(Collection entries)
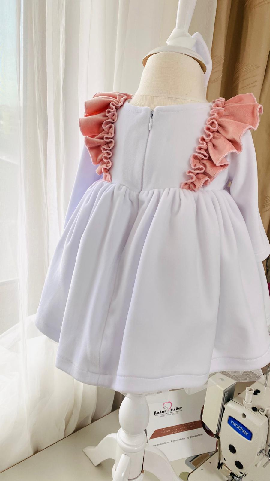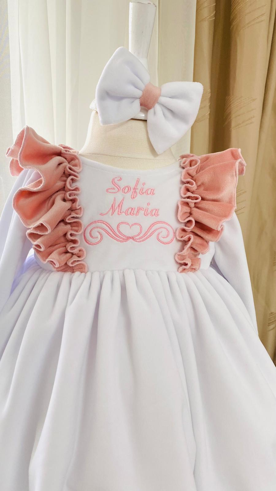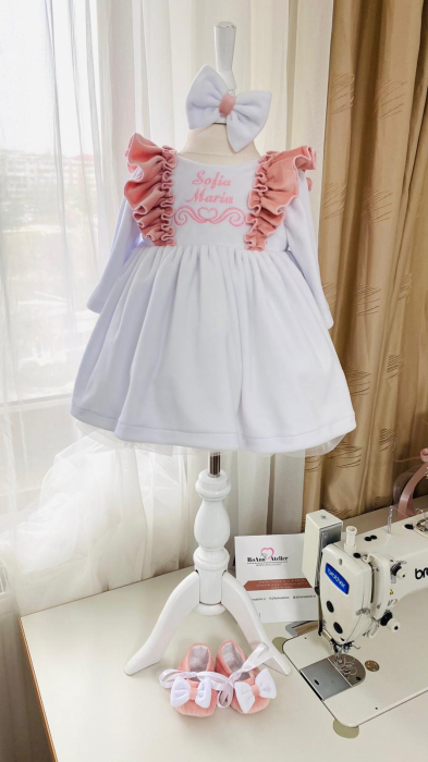 Set Rochita Botez Sonia din catifea alba si roz prafuit, format din rochita, bentita si botosei asortati.
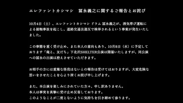 ロックバンド「エレファントカシマシ」のドラマー冨永義之さんが道路交通法違反で検挙されたとして所属事務所が「謝罪文」を公表しました。
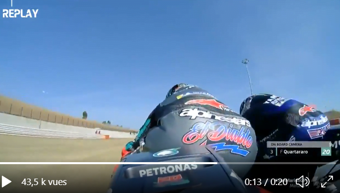 Esprit similaire pour Fabio Quartararo qui sera son partenaire l’année prochaine et qui est leader du présent championnat avec la Yamaha Petronas : « c’est toujours agréable de se battre avec un pilote quand tout est propre, l’an dernier on avait fait ça. J’aime ce jeu ». Jusque-là, donc, tout va bien…
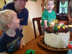 For starters, my baby boy, little H, turned 2 on Sunday. He is a tall little boy with a bright smile and brighter blue eyes who is showing some willful 2-year old tendencies. For example, his morning was ruined yesterday because he didn’t want to change out of his pajamas. Though I have shared the same sentiments I didn’t let that stop me from sharing the life-lesson that the world is not fair. He liked his cake, but he liked the tractors on top of the cake better. He had one bite of his cake and then played with the tractors for the rest of the evening. Clearly this comes from his father because everyone from my lineage mainlines the cake and throws the cheap plastic crap that came on top of it into the nearest corner only to be excavated years later by small children playing Indian Jones.
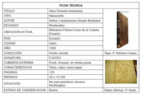 Summary: The manuscript bequeathed by Amado Bonpland, Atlas Floresta Americana 1850, obtained from the Library of the Casa de la Cultura Benjamín Carrión (Quito, Ecuador) after efforts made by various entities, allows us to have material of great historical-scientific value and that contributes to the study of the plants identification described in the Materia Medica Missionera of Pedro de Montenegro. In this sense, it constitutes a documentary collection that integrates valuable data pertaining to the Jesuit period, as well as the period in which Bonpland remained in the River Plate basin. The manuscript was analyzed with an interdisciplinary approach. The objectives of the present study are to present the unpublished document, characterize it historically, transcribe it, translate it into Spanish, update the phytonyms to the current Guaraní, update the identifications of the plants of the Jesuit work Pedro de Montenegro, and compare these identifications with others made on the same work. The characteristics of the manuscript and the historical context of its production are described. The botanical affiliation of the plants identified by Bonpland from the Materia Medica Misionera is presented. The importance of this unpublished document as heritage is highlighted, as well as its possible contributions to Jesuit, botanical and pharmacological studies in general.
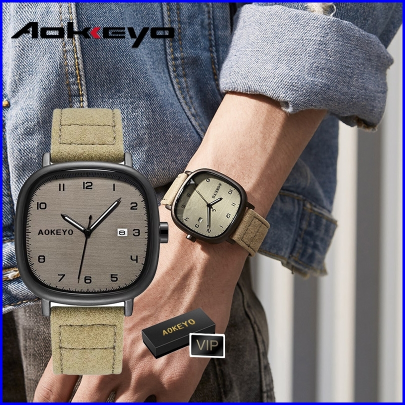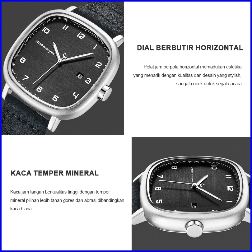 Aokeyo F043 Jam Tangan Pria Kulit Anti Air Original Terbaru Casual Tahan Air Square Leather Jam Tangan Cowok Free Box Ka

WORK INSTRUCTIONS: Give again, word for word, only the lines that run from the top of the data above through the line with "For starters, my". Drop the pictures.

EXERCISE OUTPUT:
 Set Rochita Botez Sonia din catifea alba si roz prafuit, format din rochita, bentita si botosei asortati.
 ロックバンド「エレファントカシマシ」のドラマー冨永義之さんが道路交通法違反で検挙されたとして所属事務所が「謝罪文」を公表しました。
 Esprit similaire pour Fabio Quartararo qui sera son partenaire l’année prochaine et qui est leader du présent championnat avec la Yamaha Petronas : « c’est toujours agréable de se battre avec un pilote quand tout est propre, l’an dernier on avait fait ça. J’aime ce jeu ». Jusque-là, donc, tout va bien…
 For starters, my baby boy, little H, turned 2 on Sunday. He is a tall little boy with a bright smile and brighter blue eyes who is showing some willful 2-year old tendencies. For example, his morning was ruined yesterday because he didn’t want to change out of his pajamas. Though I have shared the same sentiments I didn’t let that stop me from sharing the life-lesson that the world is not fair. He liked his cake, but he liked the tractors on top of the cake better. He had one bite of his cake and then played with the tractors for the rest of the evening. Clearly this comes from his father because everyone from my lineage mainlines the cake and throws the cheap plastic crap that came on top of it into the nearest corner only to be excavated years later by small children playing Indian Jones.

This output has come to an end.